Your copy of the data below must be exact and must leave out all pictures.
[[ Provided entries open ]]
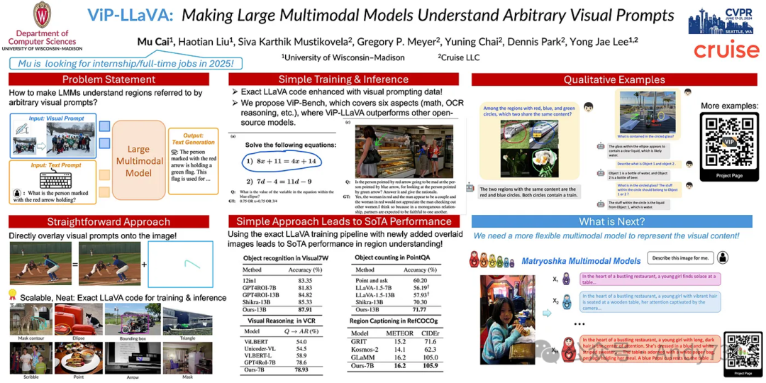 论文链接:https://openaccess.thecvf.com/content/CVPR2024/papers/Cai_ViP-LLaVA_Making_Large_Multimodal_Models_Understand_Arbitrary_Visual_Prompts_CVPR_2024_paper.pdf
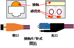 该技术如图五所示,在铜口和光口上都可使用。接口下部或上部有铜感应点/带,跳线护套上有铜触针/触片。跳线插入接口后,跳线触针/触片接触接口的感应点,链路形成回路,拔出跳线时链路断路。依靠这个原理,我们就可以实时监测跳线的插拔和端口的对应关系。
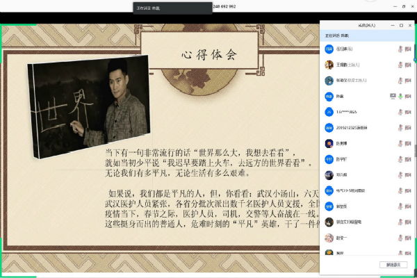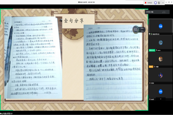 经过班级推荐,公司初评,最终选出30篇优秀读书笔记。3月29日下午,30位获奖同学参加了线上读书分享会。依托腾讯会议平台,同学们畅所欲言,详细阐述了读书过程中的心得与收获,并积极分享自己的读书笔记。活动中,针对同一本书,多个同学从不同的角度分享了自己的看法与见解,如《万历十五年》,有6位同学从各自理解的范围对该书进行了背景分析、内容阐释、文字欣赏与主旨理解。在整个分享会过程中,同学们描述了所选书籍的精彩内容,同时积极与当下实事紧密结合,以丰富多彩的分享模式、精妙绝伦的文字表达和饱满流畅的情感渲染,向其他同学展示了自己创作读书笔记的初衷以及阅读该书籍对自己的影响,李千年同学在分享时还别出心裁地用陕西话念了《秦腔》中的一段文字,获得一致好评。
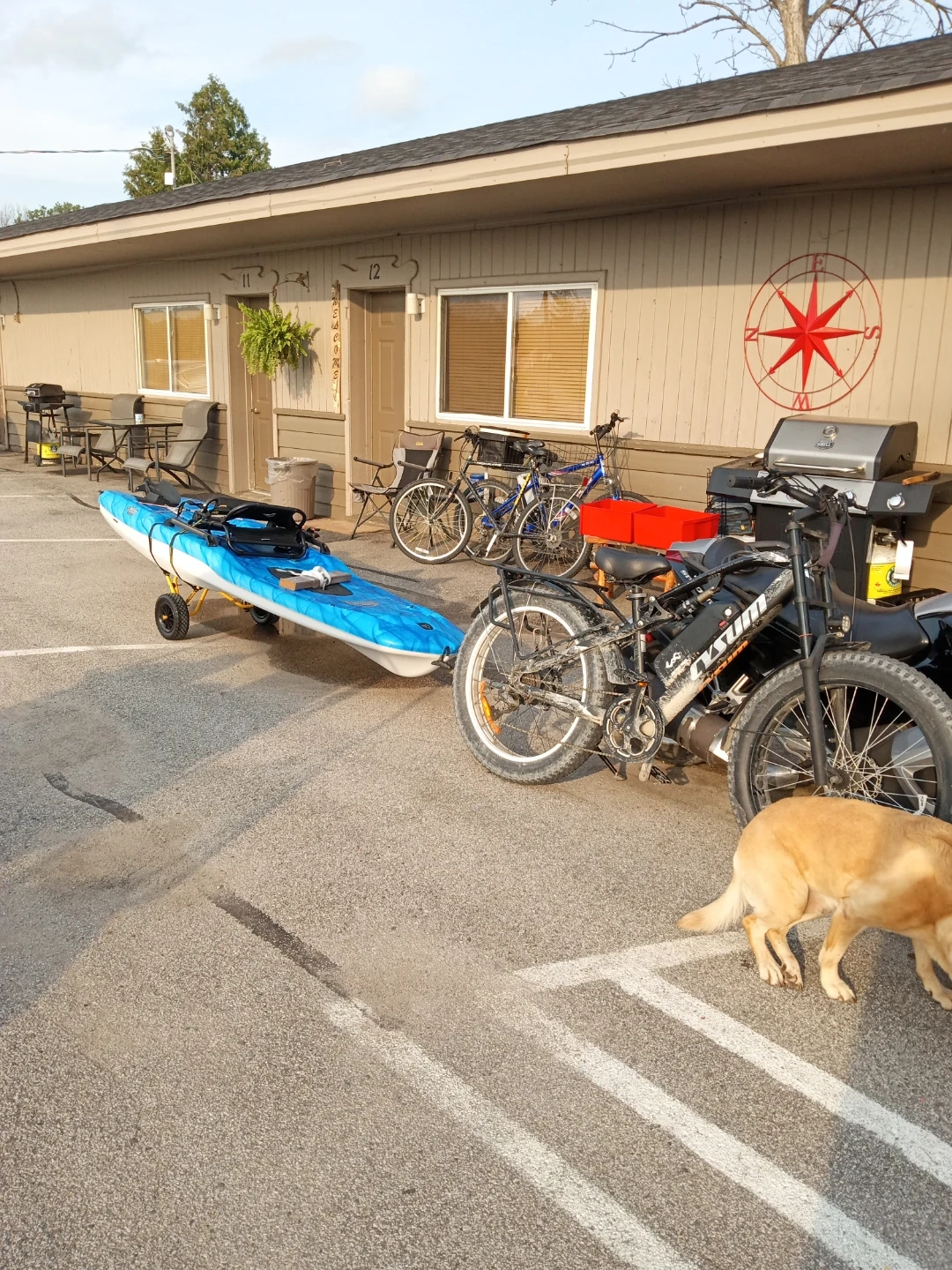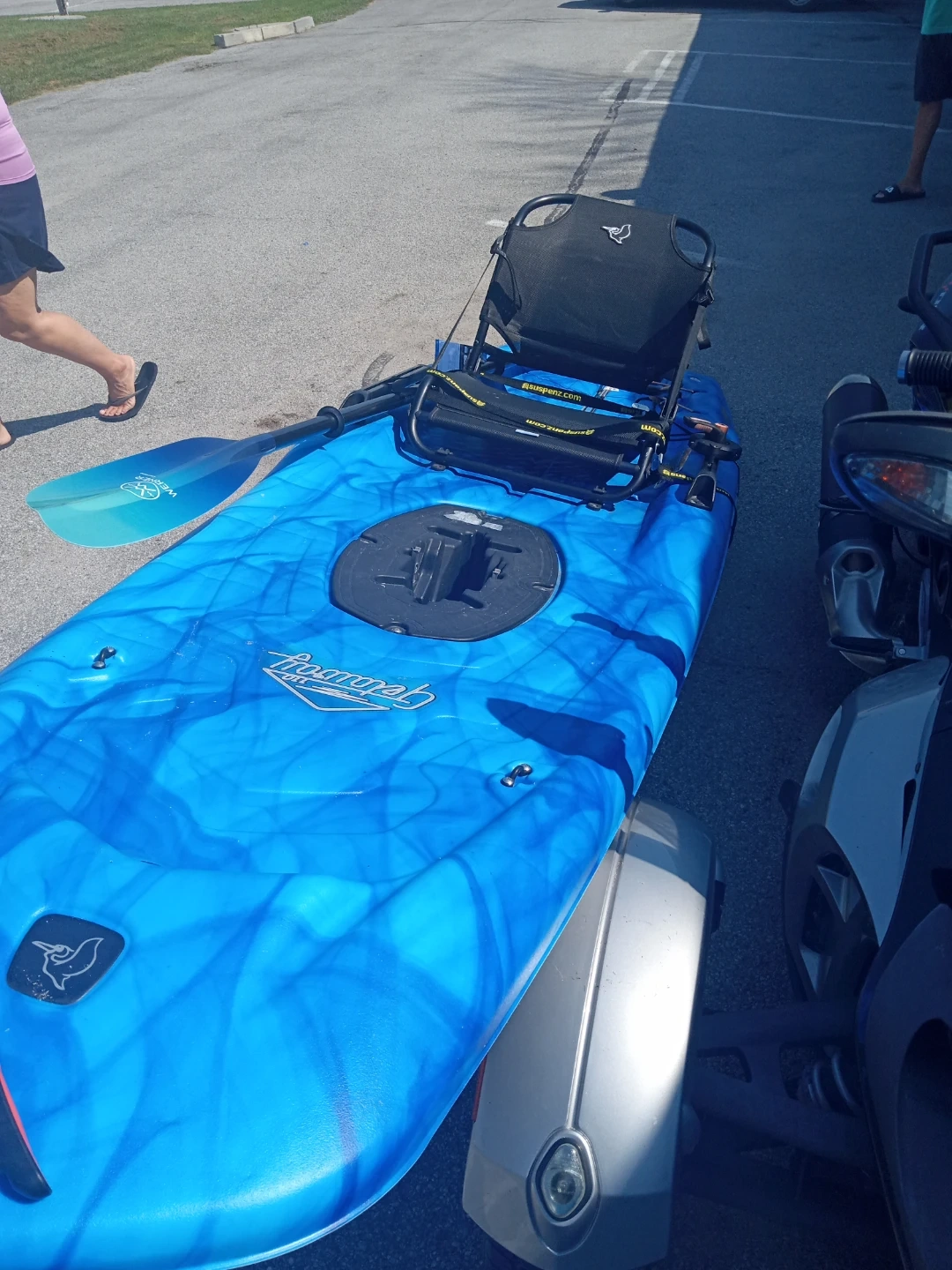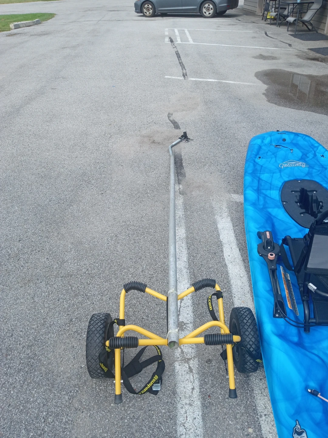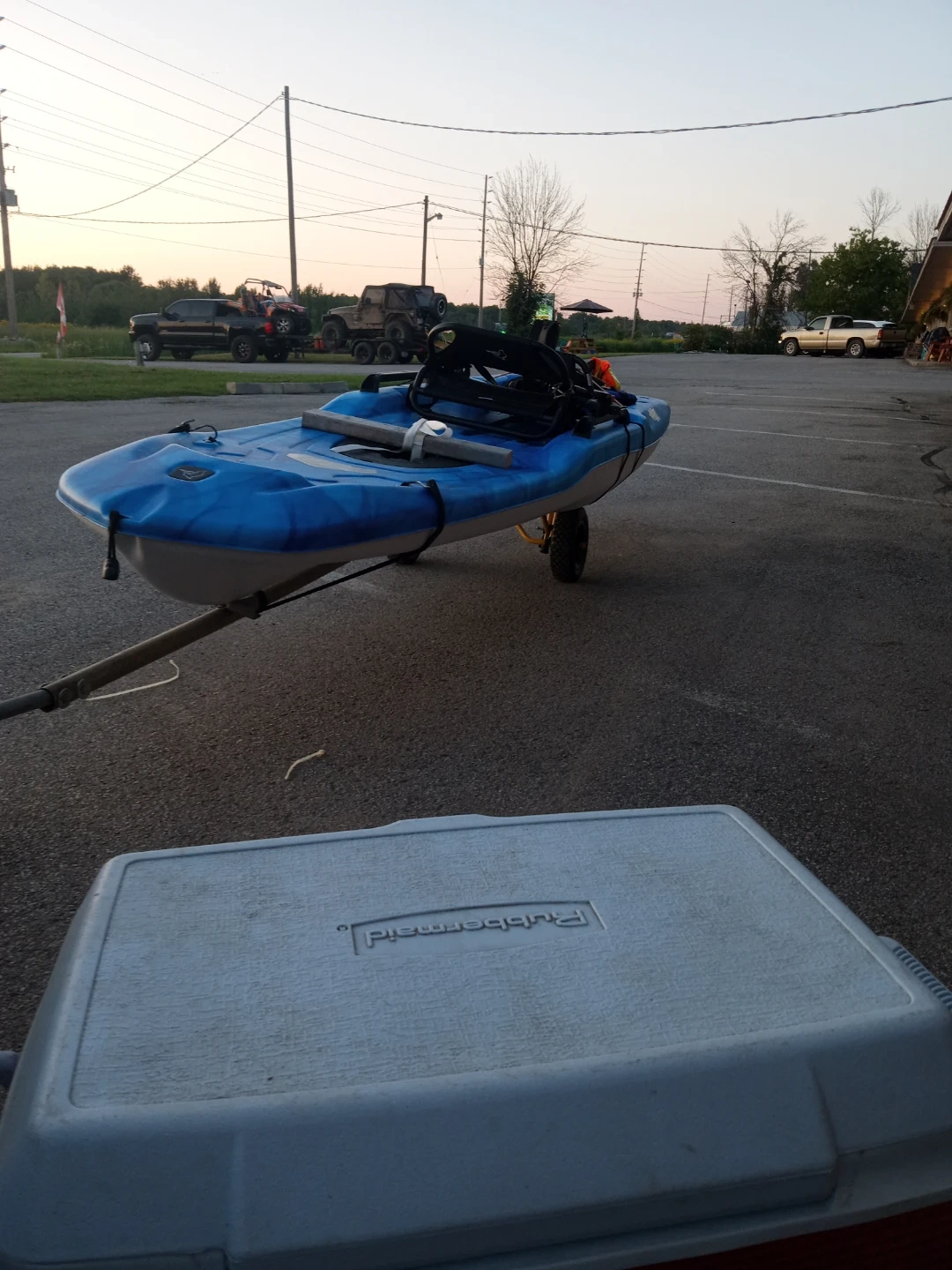 This is a blue and white Lifetime Tamarack Angler 100 kayak. It comes with a peddles and a yellow kayak cart for easy transport. It's designed for fishing adventures!
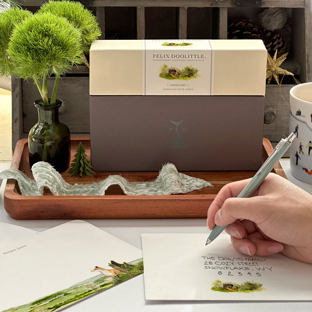 • There's nothing better than receiving a handwritten note in the mail! Our note cards celebrate sharing thanks, greetings, and news in the most tangible and memorable way. Felix’s illustrations - printed on our signature thick stock with rounded corners - create cards that will inspire and enchant the author and recipient alike.
[[ Provided entries closed ]]
● Expected output
 论文链接:https://openaccess.thecvf.com/content/CVPR2024/papers/Cai_ViP-LLaVA_Making_Large_Multimodal_Models_Understand_Arbitrary_Visual_Prompts_CVPR_2024_paper.pdf
 该技术如图五所示,在铜口和光口上都可使用。接口下部或上部有铜感应点/带,跳线护套上有铜触针/触片。跳线插入接口后,跳线触针/触片接触接口的感应点,链路形成回路,拔出跳线时链路断路。依靠这个原理,我们就可以实时监测跳线的插拔和端口的对应关系。
 经过班级推荐,公司初评,最终选出30篇优秀读书笔记。3月29日下午,30位获奖同学参加了线上读书分享会。依托腾讯会议平台,同学们畅所欲言,详细阐述了读书过程中的心得与收获,并积极分享自己的读书笔记。活动中,针对同一本书,多个同学从不同的角度分享了自己的看法与见解,如《万历十五年》,有6位同学从各自理解的范围对该书进行了背景分析、内容阐释、文字欣赏与主旨理解。在整个分享会过程中,同学们描述了所选书籍的精彩内容,同时积极与当下实事紧密结合,以丰富多彩的分享模式、精妙绝伦的文字表达和饱满流畅的情感渲染,向其他同学展示了自己创作读书笔记的初衷以及阅读该书籍对自己的影响,李千年同学在分享时还别出心裁地用陕西话念了《秦腔》中的一段文字,获得一致好评。
 This is a blue and white Lifetime Tamarack Angler 100 kayak. It comes with a peddles and a yellow kayak cart for easy transport. It's designed for fishing adventures!
 • There's nothing better than receiving a handwritten note in the mail! Our note cards celebrate sharing thanks, greetings, and news in the most tangible and memorable way. Felix’s illustrations - printed on our signature thick stock with rounded corners - create cards that will inspire and enchant the author and recipient alike.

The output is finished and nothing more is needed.